S’agissant de la décision refusant l’octroi d’un délai de départ volontaire :
- elle est entachée d’un défaut de motivation ;
- elle est illégale en raison de l’illégalité de la décision portant obligation de quitter le territoire français ;
- elle est entachée d’un défaut d’examen particulier de sa situation personnelle ;
- elle est entachée d’une erreur manifeste d’appréciation.
S’agissant de la décision fixant le pays de destination :
- elle est insuffisamment motivée ;
- elle est illégale en raison de l’illégalité de la décision portant obligation de quitter le territoire français ;
- elle est entachée d’un défaut d’examen particulier de sa situation personnelle ;
- elle méconnaît les stipulations de l’article 8 de la convention européenne de sauvegarde des droits de l’homme et des libertés fondamentales ;
- elle est entachée d’une erreur manifeste d’appréciation de ses conséquences sur sa situation personnelle.
S’agissant de la décision portant interdiction de retour sur le territoire français pour une durée d’un an :
- elle est insuffisamment motivée ;
- elle est illégale en raison de l’illégalité de la décision portant obligation de quitter le territoire français ;
- elle est entachée d’un défaut d’examen particulier de sa situation personnelle ;
- elle méconnaît les dispositions des articles L. 612-6 et suivants du code de l’entrée et du séjour des étrangers et du droit d’asile dès lors qu’il appartient à l’autorité administrative de prendre en compte les circonstances humanitaires qui peuvent exister ;
- elle méconnaît les stipulations de l’article 8 de la convention européenne de sauvegarde des droits de l’homme et des libertés fondamentales ;
- elle est entachée d’une erreur manifeste d’appréciation.

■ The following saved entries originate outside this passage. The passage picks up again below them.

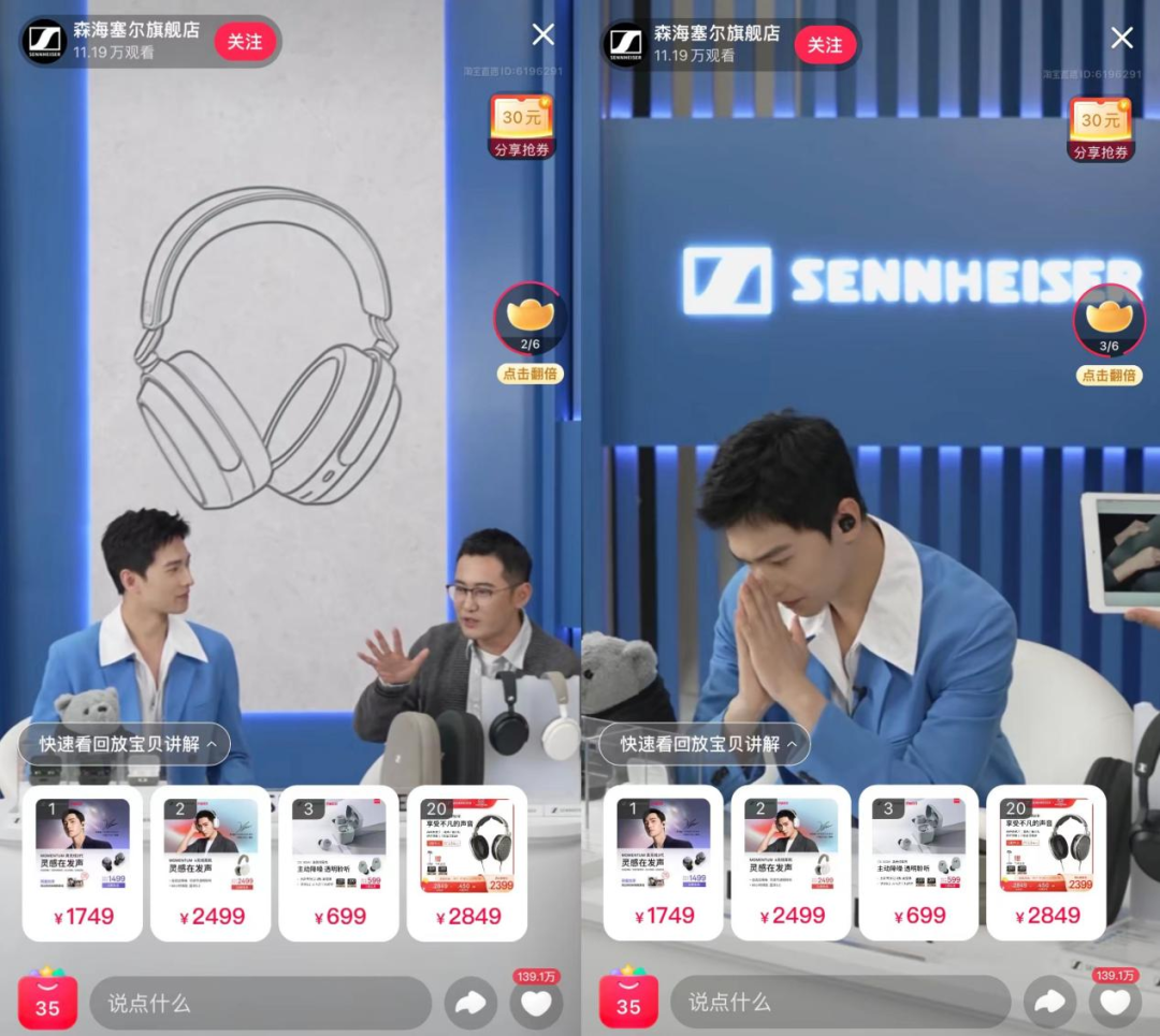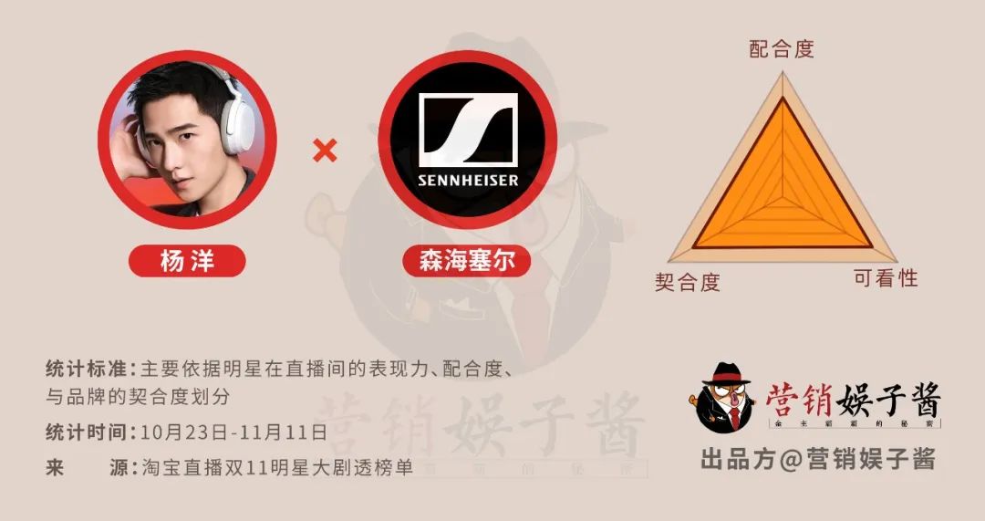 整体来看,森海塞尔的整场直播做到了自然不浮夸,且能够让用户有一定的代入感,杨洋的优质形象,也非常好地兑现了其作为"产品模特"的价值,让耳机不仅是数码产品,更可以是时尚单品,而他的粉丝基本盘,也为品牌带来了一定的破圈效应。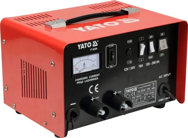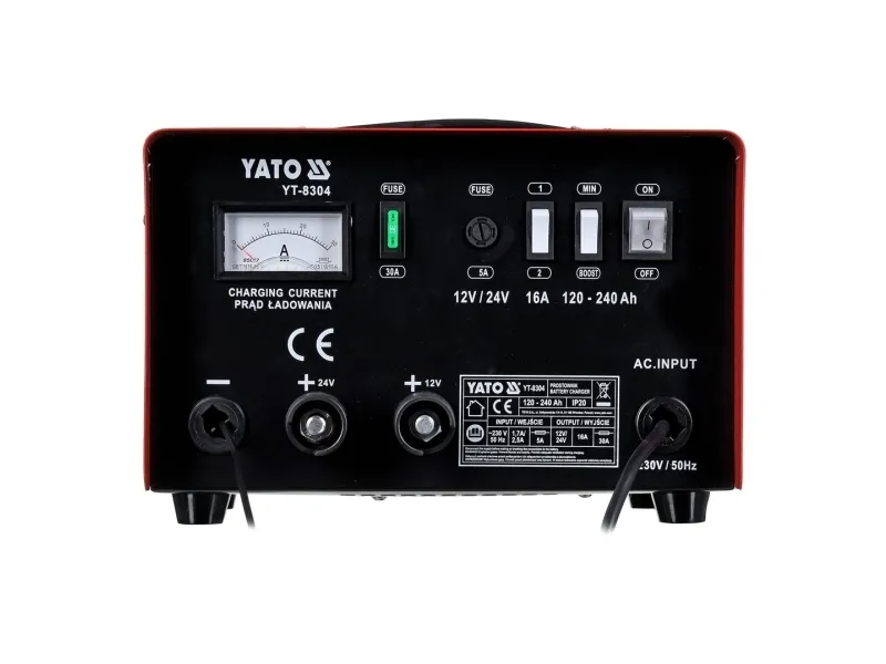 Yato YT-8304. Charging voltage: 12 - 24 V, AC input voltage: 230 V, AC input frequency: 50 Hz. Weight: 11.6 kg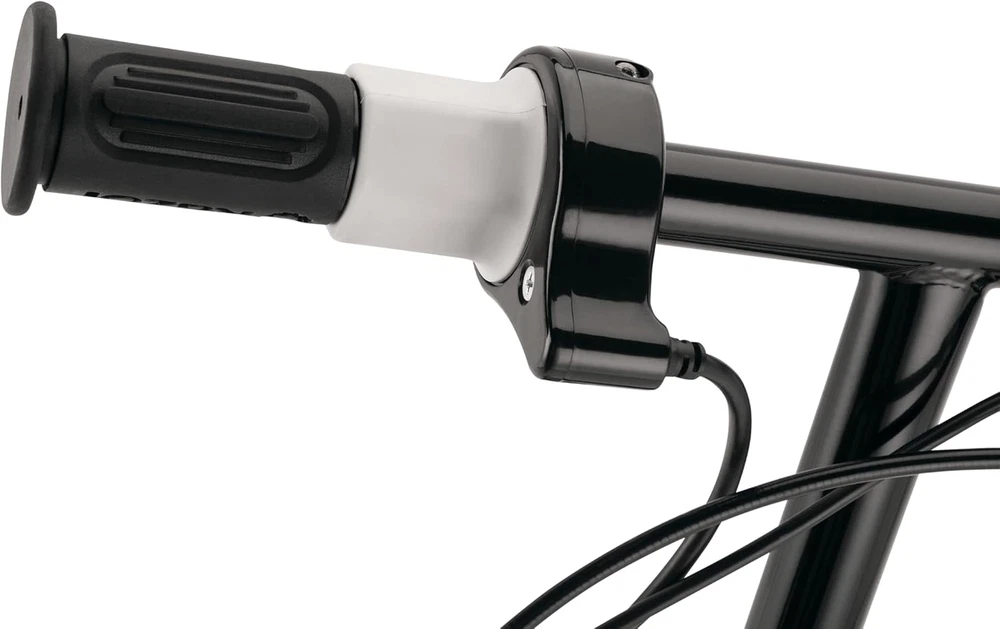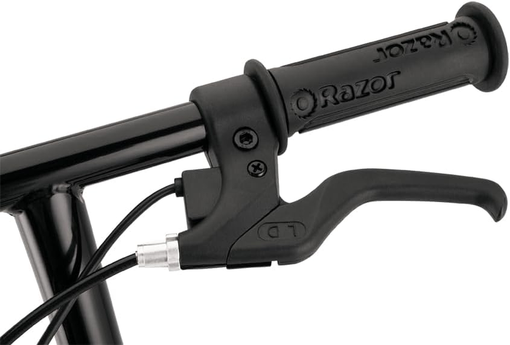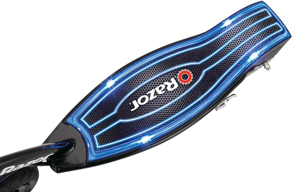 Product Note: Max speed and range per charge vary based on several factors, including: rider weight, riding surface, incline, ambient temperature, battery level, riding style (stop/start vs cruising), etc..Grips: Soft, rubber. Kickstand: Retractable. Rear Wheel: Urethane..Kickstand : Retractable. Grips : Soft, rubber All steel frame and fork construction. Front Wheel: 200 mm pneumatic front tire.Kickstand: Retractable. Some assembly required Features kick start, high-torque, chain-driven motor, twist-grip acceleration control and hand operated front brake For ages 8 and up;120 lbs Assembled Product Dimensions: 32.5 x 16 x 36 (inches); 8 inches pneumatic front tyre Electrical system certified compliant with UL2272 by ACT Lab LLC, an accredited testing lab Hop on the Razor E100 Glow that shines like a bolt of blue lighting! Designed for riders age 8 and up, the E100 Glow Electric scooter features a kick-to-start, 100-watt motor that provides speeds up to 10 mph (16 km/h) just enough to thrill younger riders. Its simple twist-grip acceleration control and hand-operated brake help kids take confident control of their ride. The 8" (200 mm) pneumatic front tire provides ample cushion to smooth out rough surfaces. With the LEDs on the deck that light up when throttle is twisted, the Razor E100 Glow electric scooter offers up to 40 minutes of fun, glowing, electric-powered ride time. Glow wherever you go, with the Razor E100 Glow!

Par un mémoire en défense, enregistré le 19 février 2026, le préfet du Nord conclut au rejet de la requête.
Il soutient que les moyens soulevés par M. C… ne sont pas fondés.

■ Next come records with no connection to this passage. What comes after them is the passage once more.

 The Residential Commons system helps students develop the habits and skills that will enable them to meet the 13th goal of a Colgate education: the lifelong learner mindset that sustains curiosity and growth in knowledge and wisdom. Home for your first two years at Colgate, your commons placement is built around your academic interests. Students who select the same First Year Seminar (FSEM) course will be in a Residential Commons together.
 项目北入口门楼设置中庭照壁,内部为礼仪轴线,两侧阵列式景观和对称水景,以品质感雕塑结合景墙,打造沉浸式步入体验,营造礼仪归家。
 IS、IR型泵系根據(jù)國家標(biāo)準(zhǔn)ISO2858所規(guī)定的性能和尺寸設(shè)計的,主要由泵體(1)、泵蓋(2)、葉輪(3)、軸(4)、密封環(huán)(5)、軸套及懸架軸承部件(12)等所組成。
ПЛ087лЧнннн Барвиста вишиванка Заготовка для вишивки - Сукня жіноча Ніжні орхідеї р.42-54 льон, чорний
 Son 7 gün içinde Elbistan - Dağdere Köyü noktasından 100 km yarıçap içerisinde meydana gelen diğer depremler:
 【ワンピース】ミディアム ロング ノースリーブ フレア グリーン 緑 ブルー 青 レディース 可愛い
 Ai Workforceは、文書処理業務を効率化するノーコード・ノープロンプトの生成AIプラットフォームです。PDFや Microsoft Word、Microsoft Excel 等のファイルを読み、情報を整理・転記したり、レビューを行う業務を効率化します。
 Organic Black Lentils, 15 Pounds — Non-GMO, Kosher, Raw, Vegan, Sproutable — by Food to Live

M. C… a été admis au bénéfice de l’aide juridictionnelle totale par une décision du 4 novembre 2024.
Vu les autres pièces du dossier.
Vu :
- la convention européenne de sauvegarde des droits de l’homme et des libertés fondamentales ;
- le code de l’entrée et du séjour des étrangers et du droit d’asile ;
- le code des relations entre le public et l’administration ;
- la loi n° 91-647 du 10 juillet 1991 ;
- le code de justice administrative.
La présidente de la formation de jugement a dispensé la rapporteure publique, sur sa proposition, de prononcer des conclusions à l’audience.

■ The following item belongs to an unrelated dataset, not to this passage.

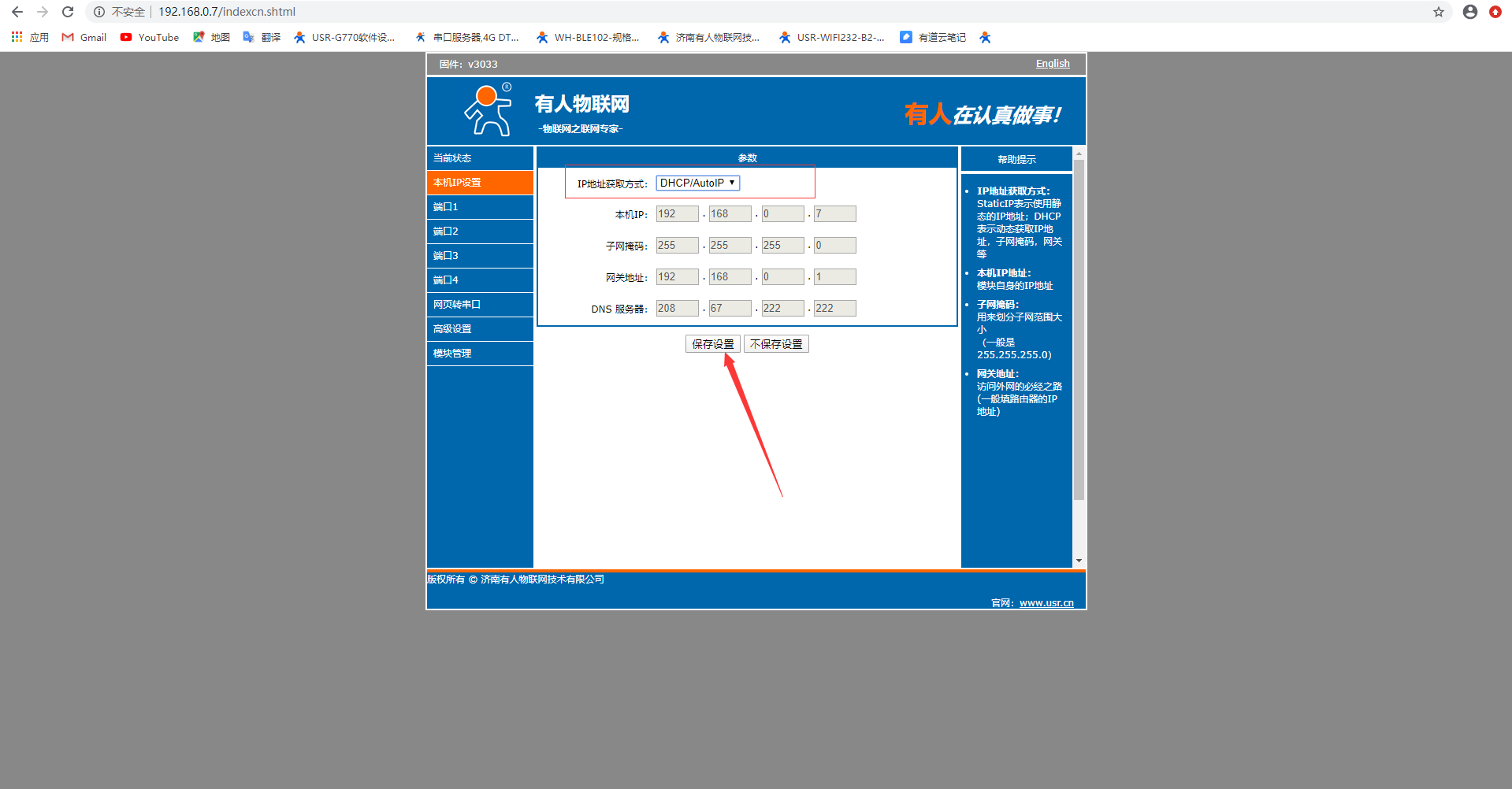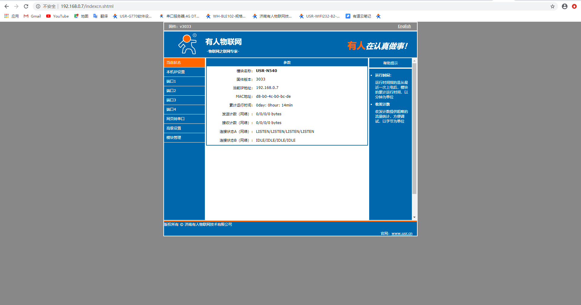 3.浏览器输入IP192.168.0.7进入N540的内置网页

Les parties ont été régulièrement averties du jour de l’audience.
Le rapport de Mme A… a été entendu au cours de l’audience publique.
Considérant ce qui suit :
M. C…, ressortissant tunisien né le 30 mai 2002, déclare être entré sur le territoire français en 2022. Par un arrêté du 17 septembre 2024, dont il demande l’annulation, le préfet du Nord lui a fait obligation de quitter le territoire français sans délai, a fixé le pays de destination de cette mesure d’éloignement et lui a fait interdiction de retourner sur le territoire français pour une durée d’un an.
Sur les conclusions à fin d’admission au bénéfice de l’aide juridictionnelle à titre provisoire :
Par une décision du 4 novembre 2024, M. C… a été admis au bénéfice de l’aide juridictionnelle totale. Par suite, les conclusions de la requête tendant à son admission au bénéfice de l’aide juridictionnelle à titre provisoire sont devenues sans objet. Il n’y a pas lieu d’y statuer.
Sur les conclusions à fin d’annulation :
En ce qui concerne le moyen commun à l’ensemble des décisions attaquées :
L’arrêté attaqué, qui n’avait pas à indiquer de manière exhaustive l’ensemble des éléments afférents à la situation personnelle et familiale du requérant, mentionne, avec une précision suffisante, les considérations de droit et de fait qui en constituent le fondement. En particulier, la motivation de la décision portant interdiction de retour sur le territoire français atteste que les critères prévus à l’article L. 612-10 du code de l’entrée et du séjour des étrangers et du droit d’asile ont été pris en compte. Par suite, les moyens tirés de l’insuffisante motivation et du défaut de motivation des décisions contenues dans l’arrêté contesté doivent être écartés.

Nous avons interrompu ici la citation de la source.